▸ **EXERCISE DETAILS**
Only the lines from the beginning of the entries through the one with "卤素是活泼的非金属元素,如下" should be written out, please, exactly and without any pictures.
Segment Open
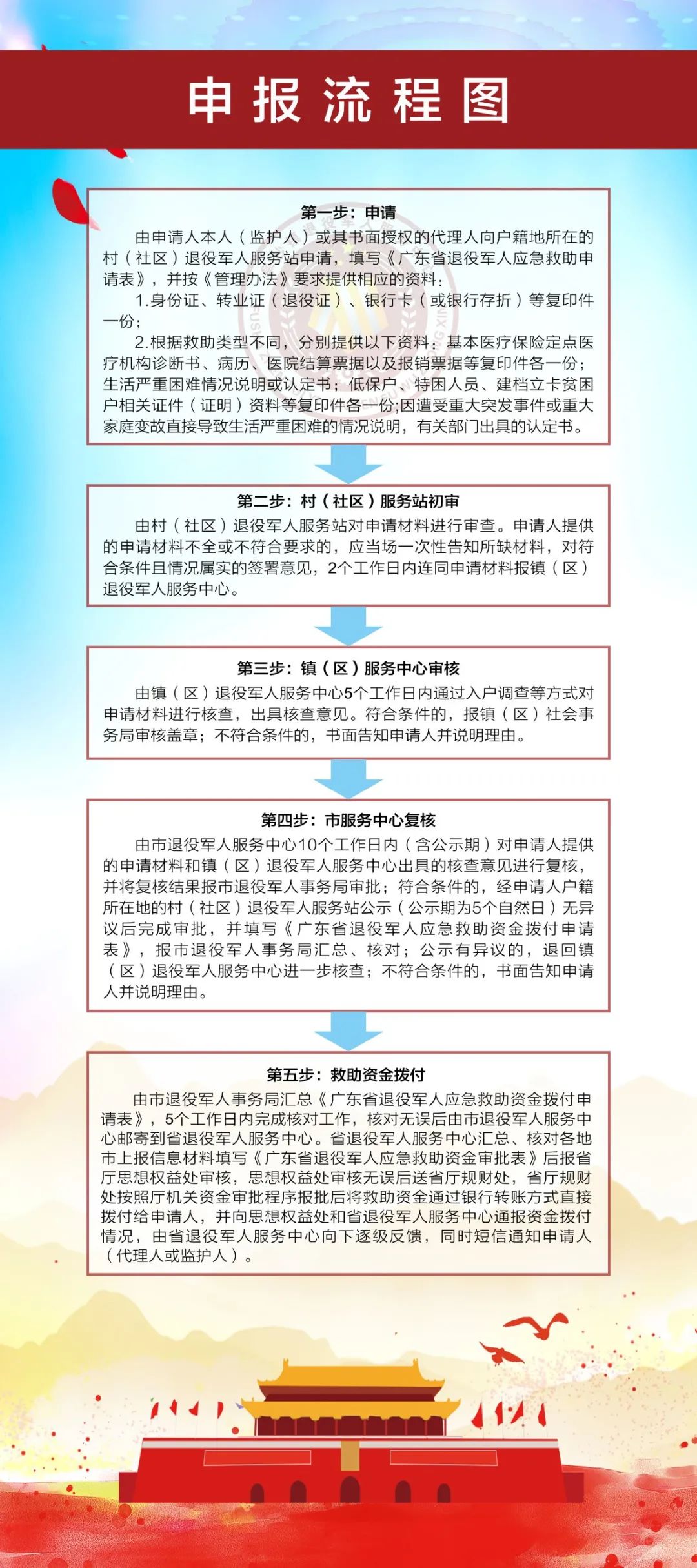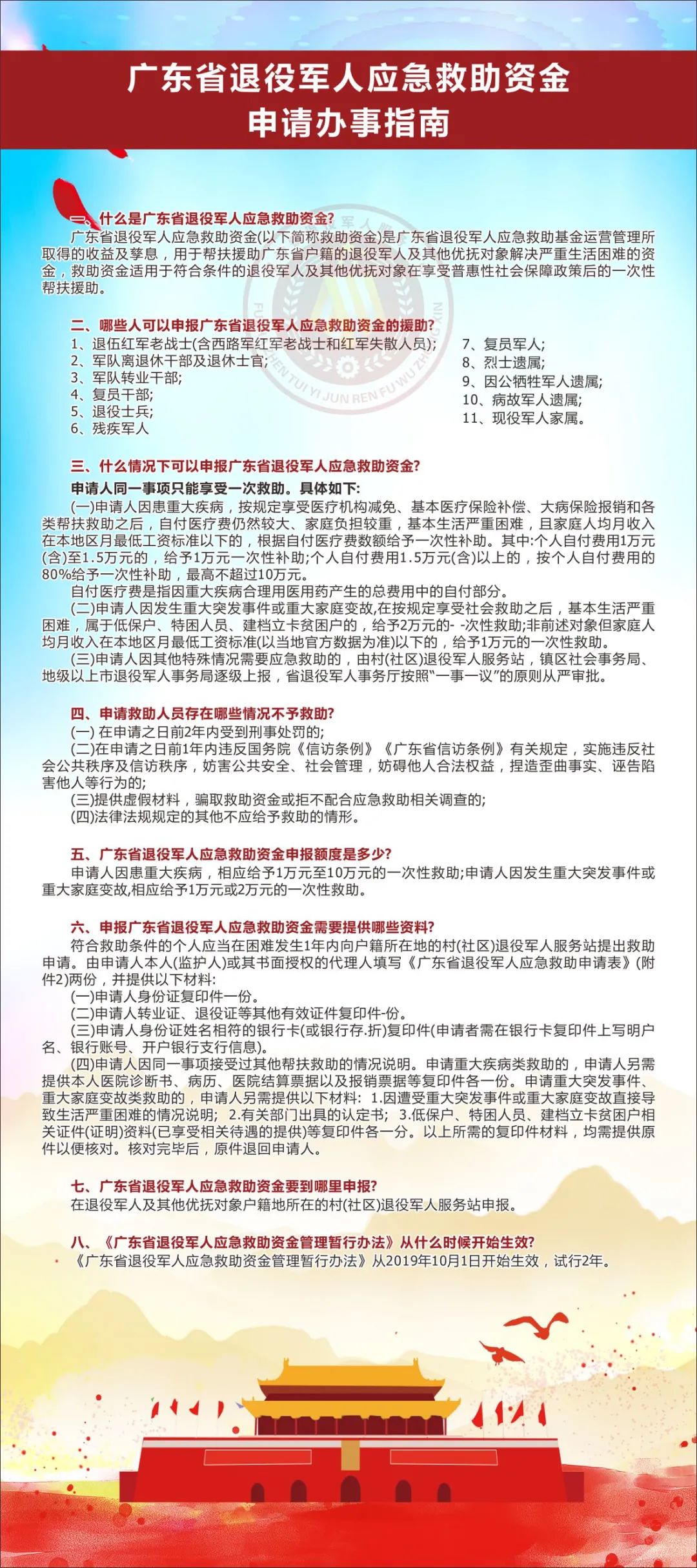 廣東省退役軍人應(yīng)急救助資金自2019年7月設(shè)立以來(lái),為我市退役軍人及其他優(yōu)撫對(duì)象提供了有力的幫扶援助。 其救助類(lèi)型主要分為四類(lèi):申請(qǐng)人因患重大疾病、發(fā)生重大突發(fā)事件、發(fā)生重大家庭變故或其他特殊情況導(dǎo)致基本生活嚴(yán)重困難的。符合條件的申請(qǐng)人可向戶籍地所在的村(社區(qū))退役軍人服務(wù)站進(jìn)行申請(qǐng)。 |
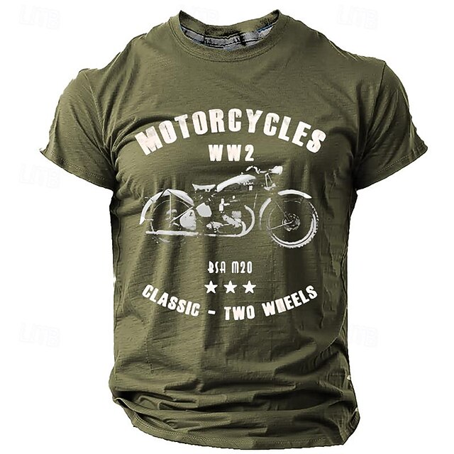Highlights [Fabric] : Crafted from a durable polyester material, this men's t-shirt offers a blend of comfort and resilience. It's lightweight and breathable, making it ideal for spring and summer wear. [Fit] : The t-shirt features a regular fit with a classic crew neck and short sleeves, providing a relaxed silhouette that pairs easily with both jeans and shorts for a casual, yet stylish look. [Design Highlights] : The standout feature of this t-shirt is its 3D print design inspired by World War II motorcycles. The front showcases a bold graphic with text that reads "MOTORCYCLES WW2," "CLASSIC - TWO WHEELS," and "BSA M20," giving it a distinctive retro vintage touch. [Occasions] : Perfect for outdoor sports, holiday adventures, or casual outings, this versatile t-shirt adds a touch of designer flair to everyday activities. Whether you're going for a laid-back stroll or engaging in sports, it ensures style and comfort. [Size Range] : Available in a wide range of sizes from S to 3XL, catering to various body types and preferences, ensuring you find the perfect fit for your style needs.
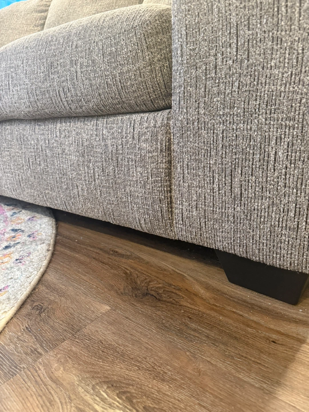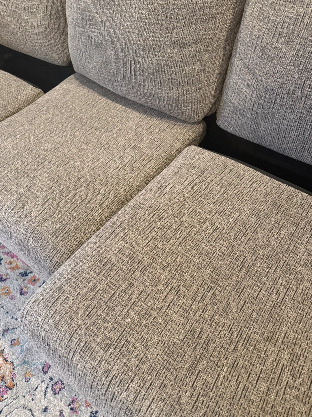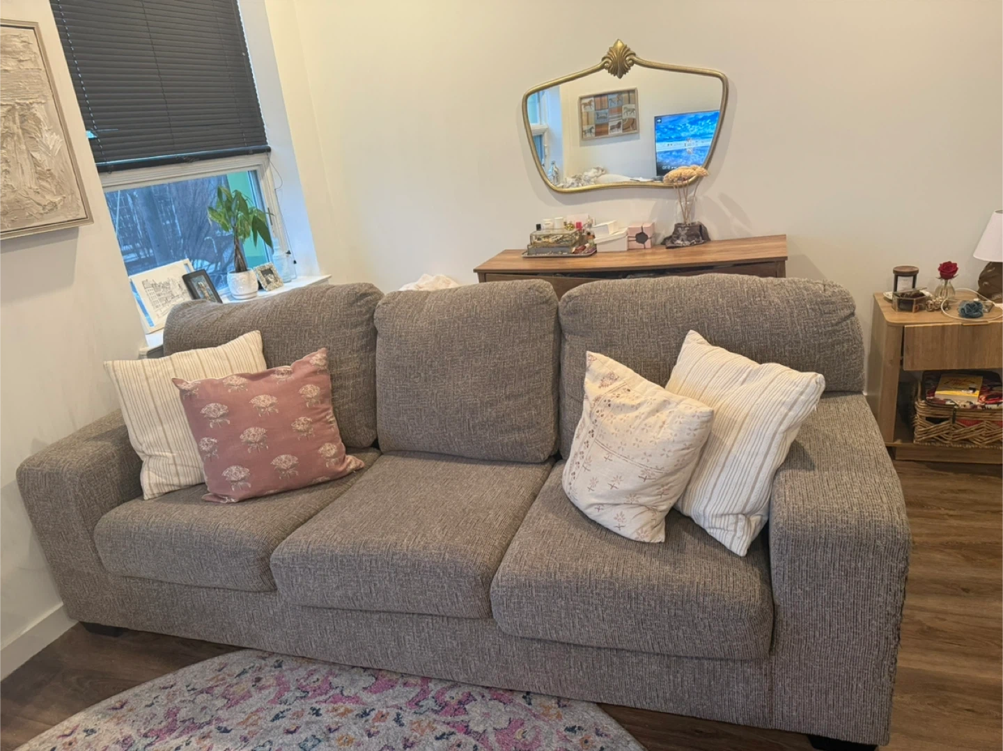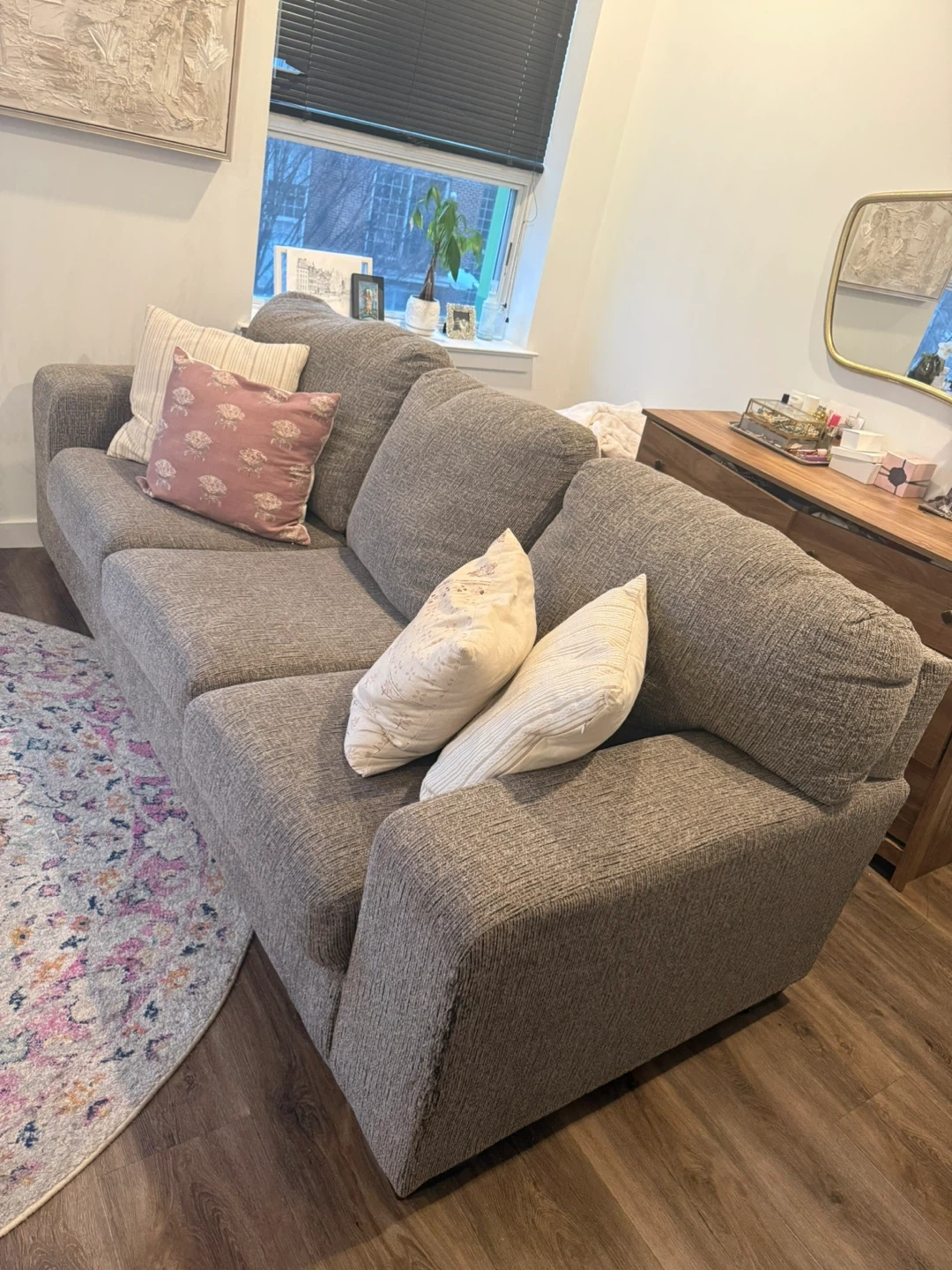 The most comfortable gray three-seater sofa. It's upholstered in a textured fabric— small signs of ware in left front and back corners as pictured. Elevator building but must be able to carry couch which requires 2 people or could pick it up around 10am morning of February 28th as scheduled movers can bring it outside
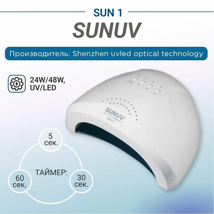 Лампа для маникюра SUNUV Sun 1 мощная гибридная уф лэд для ногтей и гель-лака, белая, 48W
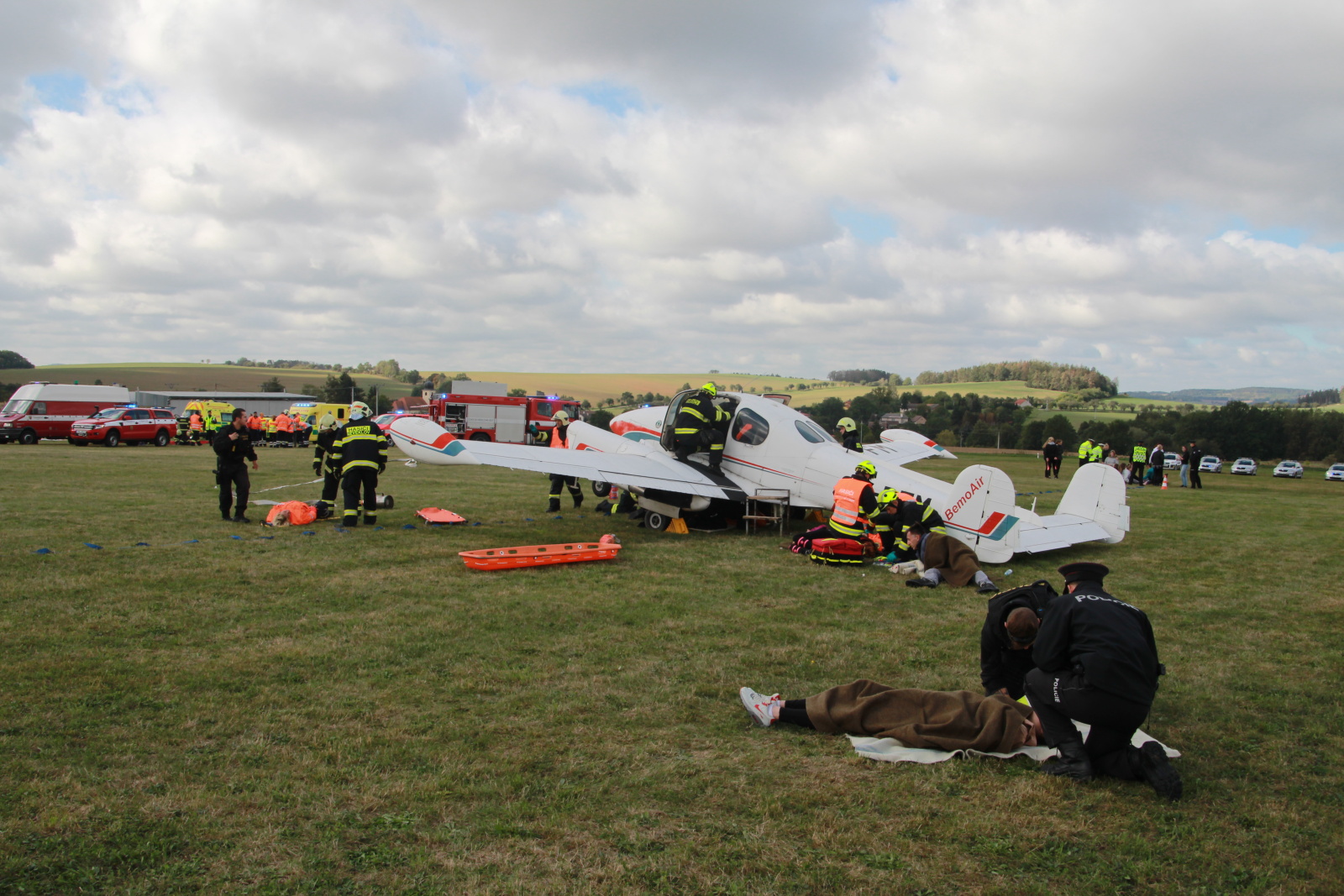 Cvičení se zúčastnili také experti Ústavu pro odborné zjišťování příčin leteckých nehod. Role figurantů se skvěle zhostili studenti Střední odborné školy a Střední zdravotnické školy z Benešova, které pro zvýšení reality události namaskovali instruktoři Českého červeného kříže.
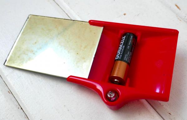 バッテリー交換は、ミラー部分を左右にスライドさせて開閉します。
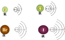 卤素是活泼的非金属元素,如下图所示,卤素最外层都是7个电子,结构的相似性决定了化学性质的相似性,导致碳卤键(C-X)成为一个极性共价键,在极性试剂电场的诱导下极化,导致其容易异裂而发生各种化学反应。
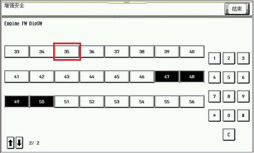 2、点屏幕右上角的【菜单】,点左上角的【计数器】,点【显示小键盘】,依次输入【停止键00停止键01】,若维修模式有密码,则为【9272927292729272】,进入柯尼卡美能达C368【维修模式】,按【停止0C】,进入【增强安全模式】;点【EngineFWDipSW】(引擎固件Dip开关)。
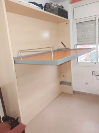 Cama abatible con un diseño moderno y funcional. Se tiene que venir a desmontar, urge - Panel frontal en color naranja. - Estructura principal en tono beige. - Combina materiales de madera y metal.
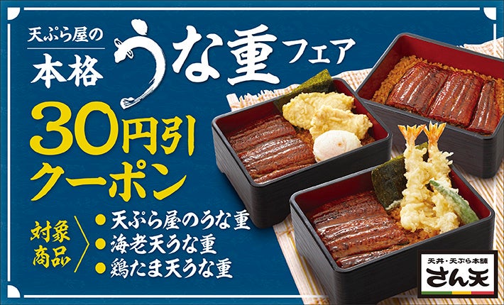 「天丼・天ぷら本舗 さん天」公式アプリでは、販売期間中に使える「天ぷら屋の本格うなぎフェア 30円引きクーポン」を配信いたします。会員の方限定でご利用いただけ、土用の丑の日のご予約でもご利用いただけるクーポンですので、この機会にぜひ「天丼・天ぷら本舗 さん天」公式アプリをダウンロード&会員登録ください。
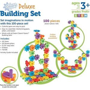 🧿This versatile, interconnecting gear set is different every time you build to foster imagination and offer ways to experiment with simple mechanics and science; supports STEM by introducing children to sorting, grouping, counting, designing, constructing, and putting physics into play with spinning gear movement.100-PIECE GEARS SET: This deluxe set includes 46 Colorful gears (blue, green, orange, red, purple), 26 square pillars, 21 six-way axles, 6 interlocking bases, 1 crank handle.
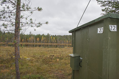 Hide 21 is located near a small round pond, on its left corner. This hide has been set back approximately 20 meters from the waterfront, bears can pass between the hide and water in clear view. Bears can also walk around the pond near waterfront. From this hide it is possible to photograph bear and wolverine in front of pond, opposite bank and next to the pond. Hide 21 is good for photographing to the swamp on the left side of pond.
Segment Closed
▸ **ANSWER SPACE**
 廣東省退役軍人應(yīng)急救助資金自2019年7月設(shè)立以來(lái),為我市退役軍人及其他優(yōu)撫對(duì)象提供了有力的幫扶援助。 其救助類(lèi)型主要分為四類(lèi):申請(qǐng)人因患重大疾病、發(fā)生重大突發(fā)事件、發(fā)生重大家庭變故或其他特殊情況導(dǎo)致基本生活嚴(yán)重困難的。符合條件的申請(qǐng)人可向戶籍地所在的村(社區(qū))退役軍人服務(wù)站進(jìn)行申請(qǐng)。 |
Highlights [Fabric] : Crafted from a durable polyester material, this men's t-shirt offers a blend of comfort and resilience. It's lightweight and breathable, making it ideal for spring and summer wear. [Fit] : The t-shirt features a regular fit with a classic crew neck and short sleeves, providing a relaxed silhouette that pairs easily with both jeans and shorts for a casual, yet stylish look. [Design Highlights] : The standout feature of this t-shirt is its 3D print design inspired by World War II motorcycles. The front showcases a bold graphic with text that reads "MOTORCYCLES WW2," "CLASSIC - TWO WHEELS," and "BSA M20," giving it a distinctive retro vintage touch. [Occasions] : Perfect for outdoor sports, holiday adventures, or casual outings, this versatile t-shirt adds a touch of designer flair to everyday activities. Whether you're going for a laid-back stroll or engaging in sports, it ensures style and comfort. [Size Range] : Available in a wide range of sizes from S to 3XL, catering to various body types and preferences, ensuring you find the perfect fit for your style needs.
 The most comfortable gray three-seater sofa. It's upholstered in a textured fabric— small signs of ware in left front and back corners as pictured. Elevator building but must be able to carry couch which requires 2 people or could pick it up around 10am morning of February 28th as scheduled movers can bring it outside
 Лампа для маникюра SUNUV Sun 1 мощная гибридная уф лэд для ногтей и гель-лака, белая, 48W
 Cvičení se zúčastnili také experti Ústavu pro odborné zjišťování příčin leteckých nehod. Role figurantů se skvěle zhostili studenti Střední odborné školy a Střední zdravotnické školy z Benešova, které pro zvýšení reality události namaskovali instruktoři Českého červeného kříže.
 バッテリー交換は、ミラー部分を左右にスライドさせて開閉します。
 卤素是活泼的非金属元素,如下图所示,卤素最外层都是7个电子,结构的相似性决定了化学性质的相似性,导致碳卤键(C-X)成为一个极性共价键,在极性试剂电场的诱导下极化,导致其容易异裂而发生各种化学反应。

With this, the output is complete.